__Work to complete__: Excluding pictures, transcribe precisely the lines from the one containing "- Crafted with" to the final line of the listing below, inclusive, and nothing more.

__Dataset extract__:
+++

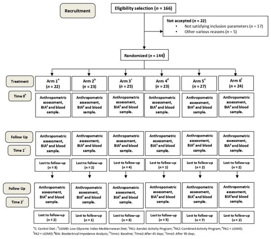 According to a computerized random numbers sequence, subjects were randomized to six arms as follows: (1) Control Diet (CD) based on CREA-AN (Research Center for Food and Nutrition, Council for Agricultural Research and Economics, Rome, Italy) guidelines [37]; (2) Low Glycemic Index Mediterranean Diet (LGIMD); (3) Physical Activity aerobic program (PA1); (4) Physical Activity combined program (aerobic activity and resistance training) (PA2); (5) LGIMD plus PA1 and (6) LGIMD plus PA2. The trial flowchart is shown in Figure 1.
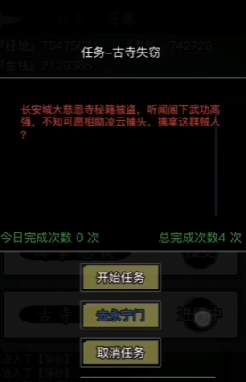 要挑战古寺五绝,首先需要完成游戏第二十五章后解锁历练任务中的古寺失窃。接取任务后前往长安,向下移动8步到达官道,然后右转进入大慈悲寺与凌云对话。之后返回中央广场,向右移动3步到长乐门,再次和凌云对话就能传送到新地图。在新地图中找到捕风卫对话,他会告知你的目标是玄门五绝,并可以选择推进路线。
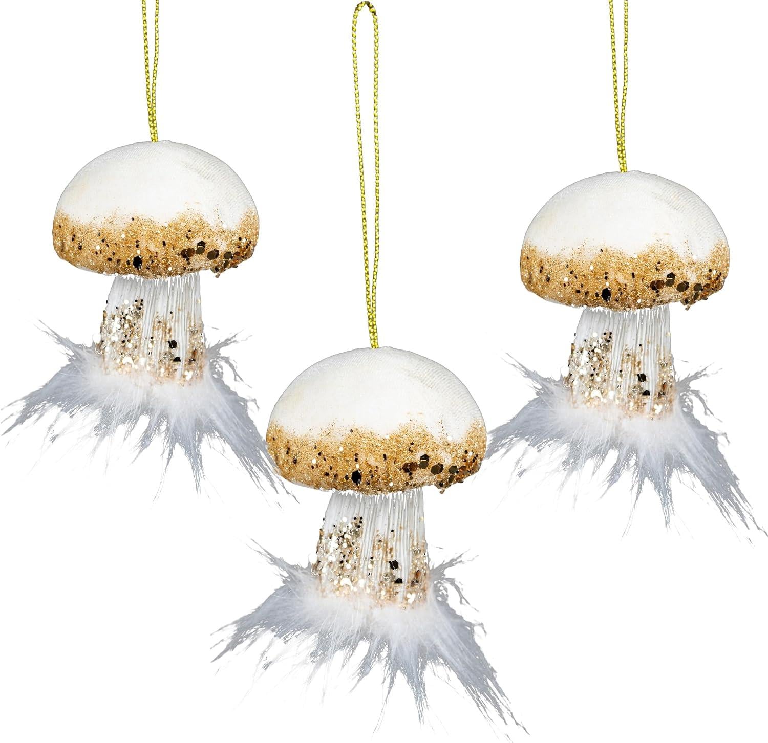 - Crafted with meticulous attention to detail, this mushroom ornament measures 6x7cm and features a lovely white color that's perfect for creating a soft and dreamy atmosphere. Its unique mushroom shape adds a touch of woodland charm to your holiday theme.
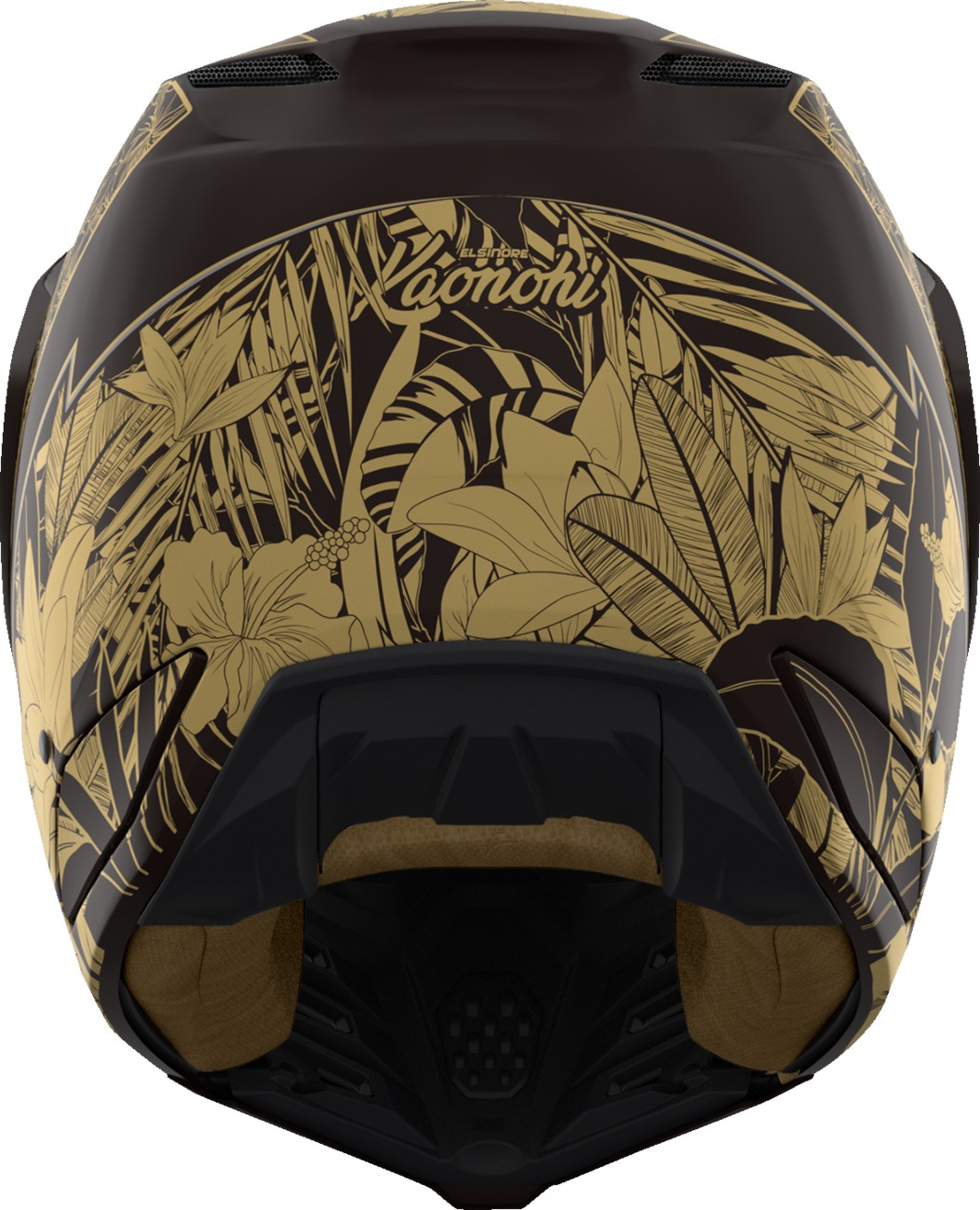 The ICON Elsinore Kaonohi Helmet is a lightweight, handcrafted FRP composite shell helmet designed for optimum strength and minimized weight. Its comfort-driven fit is optimized for most riders, and it features a removable modular face mask that acts as a barrier against wind and debris. The helmet includes a zero-distortion fog-free MX Shield™ integrated with the face mask, a premium comfort liner with moisture-wicking Hydradry™ and AX® Suede for a custom fit, and is upgradeable to the HelmLink™ Bluetooth® communication system (sold separately). It also comes equipped with a 25K Gold MX Shield™.

+++

__Exercise result__:
 - Crafted with meticulous attention to detail, this mushroom ornament measures 6x7cm and features a lovely white color that's perfect for creating a soft and dreamy atmosphere. Its unique mushroom shape adds a touch of woodland charm to your holiday theme.
 The ICON Elsinore Kaonohi Helmet is a lightweight, handcrafted FRP composite shell helmet designed for optimum strength and minimized weight. Its comfort-driven fit is optimized for most riders, and it features a removable modular face mask that acts as a barrier against wind and debris. The helmet includes a zero-distortion fog-free MX Shield™ integrated with the face mask, a premium comfort liner with moisture-wicking Hydradry™ and AX® Suede for a custom fit, and is upgradeable to the HelmLink™ Bluetooth® communication system (sold separately). It also comes equipped with a 25K Gold MX Shield™.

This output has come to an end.